Sinclair Lewis was born on February 7th, 1885 in the small town of Sauk Centre Minnesota as the youngest member in a family of three boys. His father, like the protagonist of the Arrowsmith, was a doctor who had amassed a reasonable fortune and believed in the ethics of rules and hard work, which later displayed itself in Lewis' writing habits. Lewis, when writing a novel, always maintained a rigid writing schedule that consisted of long hours and much determination.
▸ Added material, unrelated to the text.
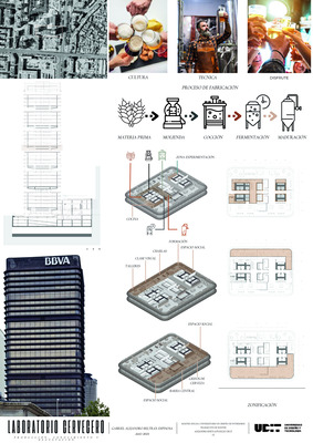 Este proyecto propone el diseño interior de una cervecería con carácter didáctico, ubicada en el edificio BBVA en el Paseo de la Castellana, Madrid. El proyecto plantea un espacio híbrido que fusiona la producción de cerveza, la experiencia sensorial del consumo y la enseñanza del proceso artesanal, dirigido tanto a madrileños como a turistas interesados en la cultura cervecera. A través de estrategias de diseño interior centradas en la funcionalidad, la transparencia de procesos, la interacción social y una materialidad coherente basada en acero negro, cobre, hormigón visto, ladrillo y madera oscura, la propuesta construye un recorrido experiencial que permite al usuario aprender, crear y disfrutar de la cerveza en un entorno único. Este espacio no solo actúa como fábrica y bar, sino también como centro cultural gastronómico, con áreas de coworking y talleres, consolidándose como un lugar de encuentro, aprendizaje y expresión social contemporánea

As a boy, growing up in Sauk Centre, Lewis was bookish and somewhat awkward, though not all-together unpopular in high school. His town of Sauk Centre appears over and over again in Lewis' satire of provincial small-town American life, as seen for instance, in Main Street, Lewis' first major success. Sauk Centre also shows itself in the form of Wheatsylvania in Arrowsmith. And, although Martin Arrowsmith, the protagonist of the novel, is more of a laboratory scientist than a physician, Lewis has Martin become the small-town doctor his father had been, if only for a while.
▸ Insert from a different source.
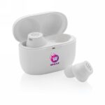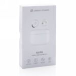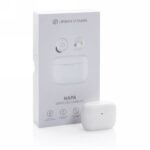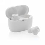 Bezprzewodowe słuchawki douszne, mocny i głęboki dźwięk, poziom redukcji szumów do 25 dB, wodoodporne IPX5, dotykowy panel sterowania, wbudowany mikrofon, funkcja odbierania połączeń, do 5 godzin odtwarzania na jednym ładowaniu, etui ładujące zapewnia 18 godzin odtwarzania, nie zawiera PVC, opakowanie nie zawiera plastiku

Lewis graduated from high school in 1902 and went to Oberlin for a year in preparation for Yale. During the fall of his senior year, Lewis left Yale and joined Upton Sinclair's writer/painter colony at Helicon Hall in Englewood, New Jersey, only to return to Yale and graduate in 1908. Between 1908–1915, Lewis traveled and held a number of freelance and editorial positions and published his first novel in 1912, entitled: Hike and the Aeroplane, under the pseudonym of Tom Graham. It is not until 1920, however, when Main Street was published, that Lewis becomes an established writer. After which, Lewis went on to write well-known and well-received novels like Babbitt and Arrowsmith. Arrowsmith is often said to be Lewis's best novel and is the novel for which he won the Pulitzer Prize—a prize which he declined because of the terms of the award. The Pulitzer was said to be given for the "wholesome atmosphere of American life," and Lewis, the Satirist of Modern America, was not about to accept such an ironic award. Nevertheless, Lewis was to go on and receive other honors and, in 1930, became the first American to win the Nobel Prize in literature.
After 1930, his novels declined, and, in 1951, Lewis died of heart disease in Rome. His ashes were buried in his small, American town of Sauk Centre, which he immortalized in love and hate.
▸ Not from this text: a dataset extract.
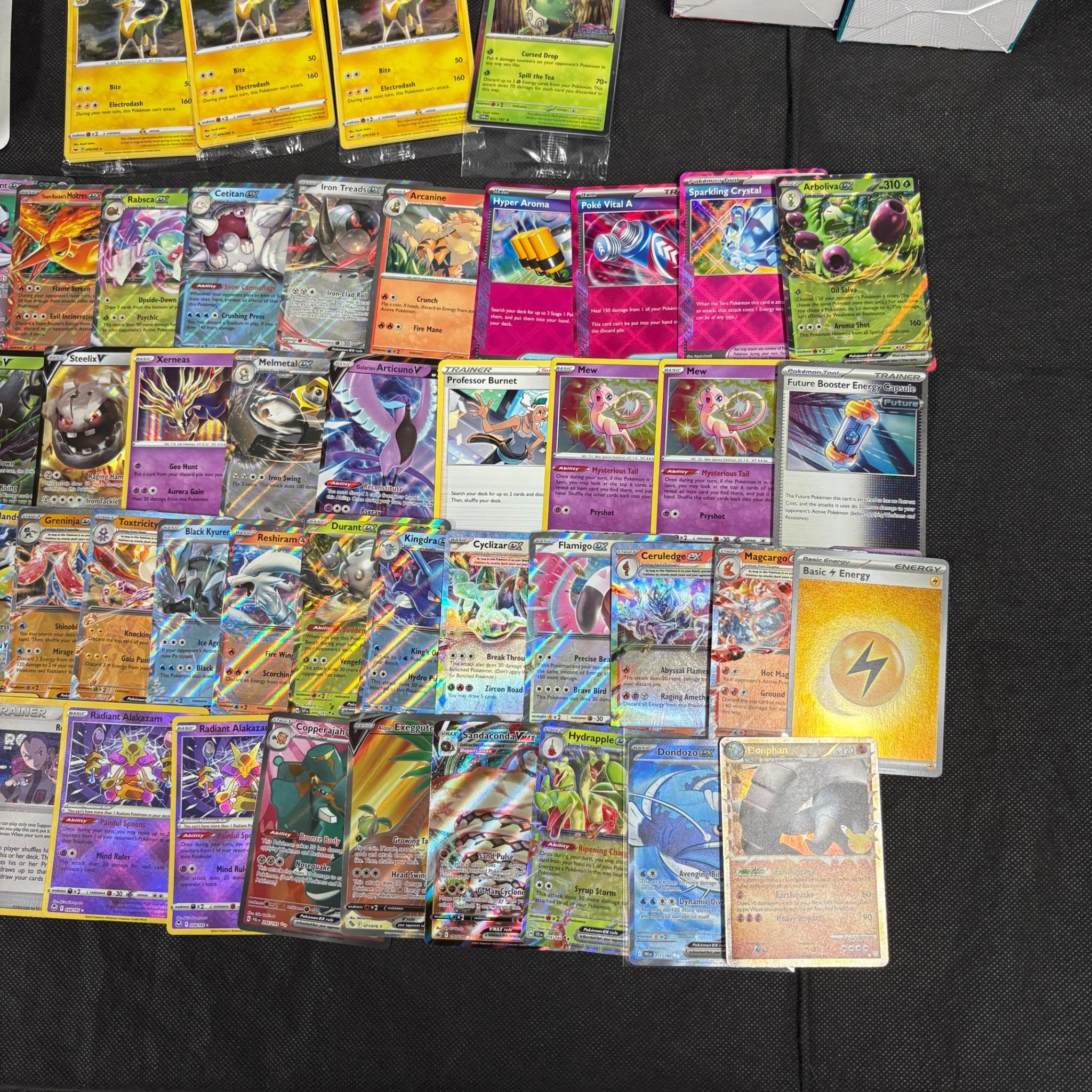 100s of modern pokemon cards. Includes hits and promos. We ship in-house! We ship internationally. We also offer pick up and we offer a discount for cash payments. Please look at pictures carefully to determine what you believe are the condition of each lot. We offer in person or virtual previews and we can take additional pictures, or answer questions about any lot until about 24 hours prior to auction. So all lots sold as is. By choosing which card to use to register to bid, you authorize the auction host to charge the card on file at the end of the auction to pay for any lots and shipping you won. Happy Bidding and Best of luck!

It is interesting to note that Arrowsmith was published in the same year as F. Scott Fitzgerald's The Great Gatsby. However, Fitzgerald and Lewis could not be more different, although they wrote in and portrayed the same era. Both men lived in a world between wars and in between a post-war economic boom and The Great Depression, yet their portraits of America could not be more different. Lewis's world was not the "Jazz Age" of Fitzgerald's "roaring twenties" full of flappers and parties, it was that of the businessman, the doctor, the provincial man. Lewis was a romantic in many ways as well as a gifted satirist and realist. And, in many ways, Arrowsmith, when juxtaposed against Fitzgerald's world, is an optimistic novel, imbued with romance and a significant amount of faith in its protagonist, Martin Arrowsmith.